**WORK TO COMPLETE**: In the reply, give back exactly the lines from the one with "В блоке Автофильтры" through the last line of the records, without pictures.
╔══
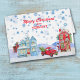 Send a bit of Vermont to your friends and family this Holiday Season, with this cute watercolor design of a whimsical snowy mountain village. Included in the image are colourful houses, a snowman, and a red pickup truck with a Christmas tree in the back. Icy blue snowflakes fall down from the sky. The text in red at the top can be changed to anything you'd like, as can the text on the inside. *Image design credit to EphrazyDesign.
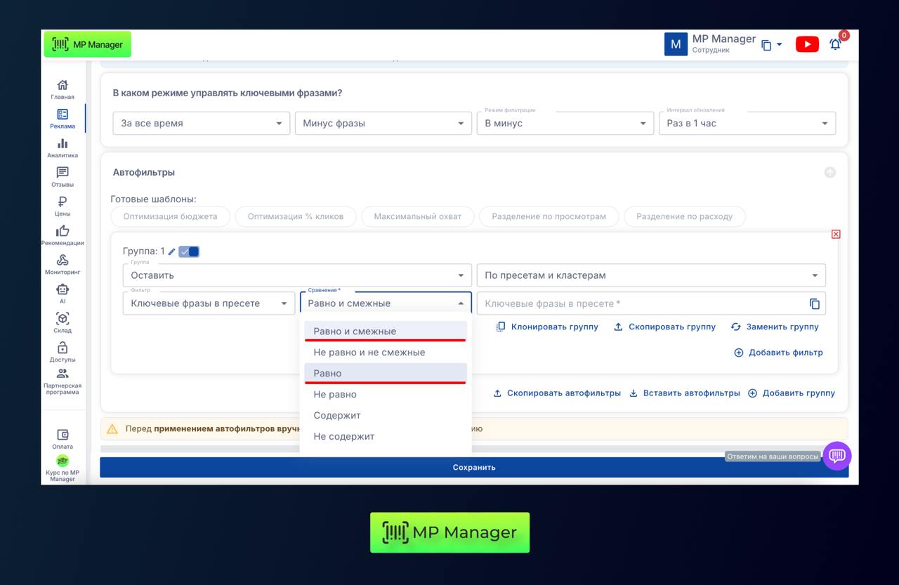 В блоке Автофильтры в группе Оставить можно выбрать, как сравнивать ключевые фразы в пресете.
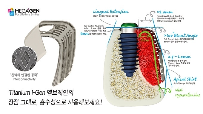 메가젠 관계자는 “LT6 i-Gen type은 기존 티타늄 멤브레인과 달리 추후 제거해야 하는 불편함이 없다. 또 GBR 시술 시 골의 흡수 및 손실을 충분히 고려한 디자인으로, 시술 후 흡수된 골의 양 때문에 발생하는 문제를 줄여 가장 이상적인 ridge 구현이 가능하다”고 전했다.
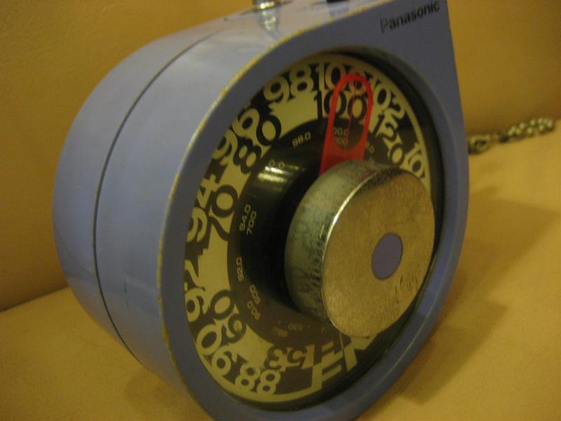 | ビンテージポータブルラジオ / 70年代 Panasonic Model : RF-93 USA "Rolling Tone" RF-93 / パナソニックのアメリカ輸出モデルポータブルラジオ。「ローリングトーン」と呼ばれたまさしくセンターのツマミでチューニングするタイプ。デザインフォルムや周波数ダイヤルの字体・配置などもその時代を反映した雰囲気でとっても良い感じです。。。 ハンギングボールチェーン付。 クールでGOODなビンテージモダンピース! ※単3電池3個使用で動作確認済み。但し、周波数がアメリカ仕様のため、AMがメインになります |
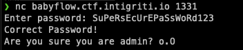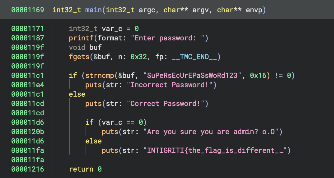 * The program asks for a password input and checks it using `strncmp` against the hardcoded string `"SuPeRsEcUrEPaSsWoRd123"`.
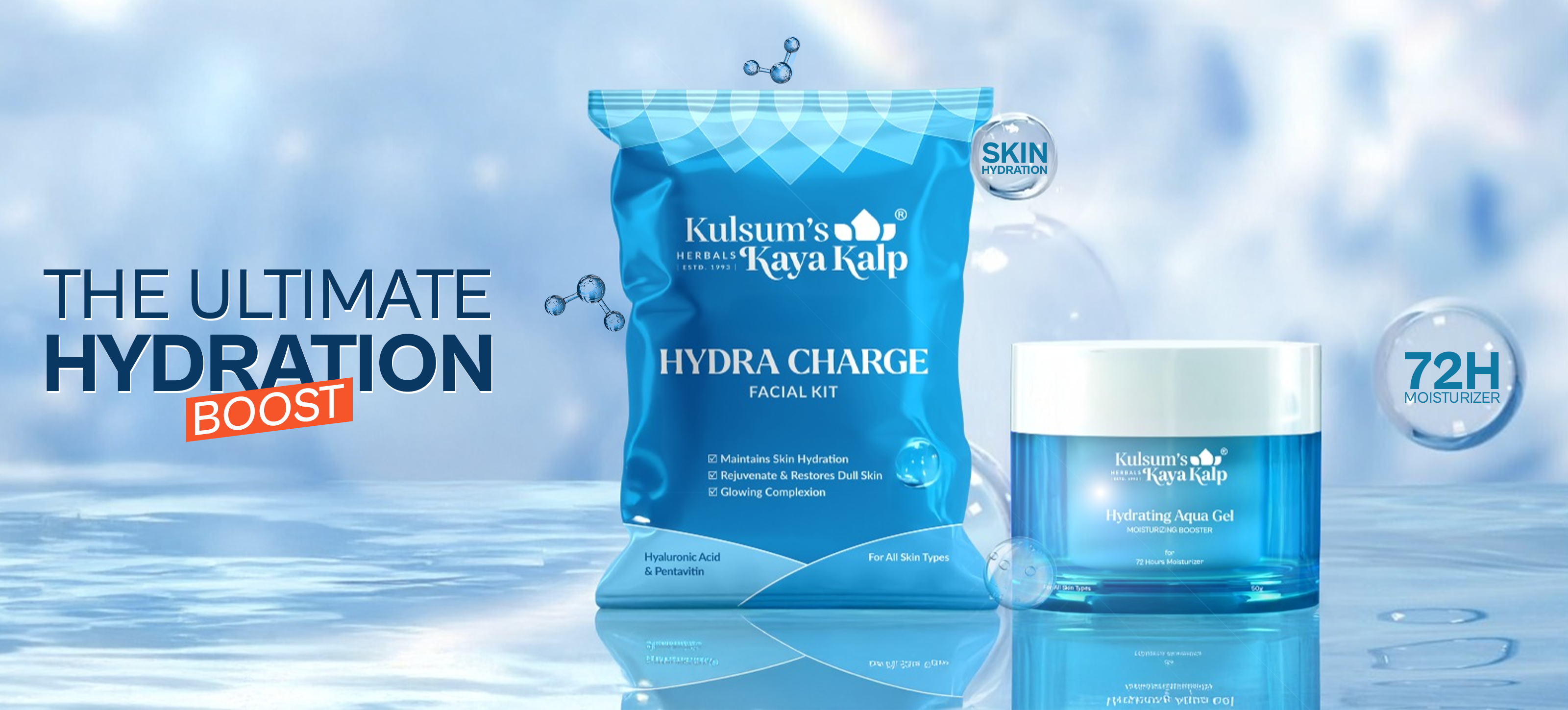 Hydration Combo, Hydra Charge Facial Kit & Hydrating Aqua Gel for 72 Hours Moisturization
╚══
**SOLUTION**:
 В блоке Автофильтры в группе Оставить можно выбрать, как сравнивать ключевые фразы в пресете.
 메가젠 관계자는 “LT6 i-Gen type은 기존 티타늄 멤브레인과 달리 추후 제거해야 하는 불편함이 없다. 또 GBR 시술 시 골의 흡수 및 손실을 충분히 고려한 디자인으로, 시술 후 흡수된 골의 양 때문에 발생하는 문제를 줄여 가장 이상적인 ridge 구현이 가능하다”고 전했다.
 | ビンテージポータブルラジオ / 70年代 Panasonic Model : RF-93 USA "Rolling Tone" RF-93 / パナソニックのアメリカ輸出モデルポータブルラジオ。「ローリングトーン」と呼ばれたまさしくセンターのツマミでチューニングするタイプ。デザインフォルムや周波数ダイヤルの字体・配置などもその時代を反映した雰囲気でとっても良い感じです。。。 ハンギングボールチェーン付。 クールでGOODなビンテージモダンピース! ※単3電池3個使用で動作確認済み。但し、周波数がアメリカ仕様のため、AMがメインになります |
 * The program asks for a password input and checks it using `strncmp` against the hardcoded string `"SuPeRsEcUrEPaSsWoRd123"`.
 Hydration Combo, Hydra Charge Facial Kit & Hydrating Aqua Gel for 72 Hours Moisturization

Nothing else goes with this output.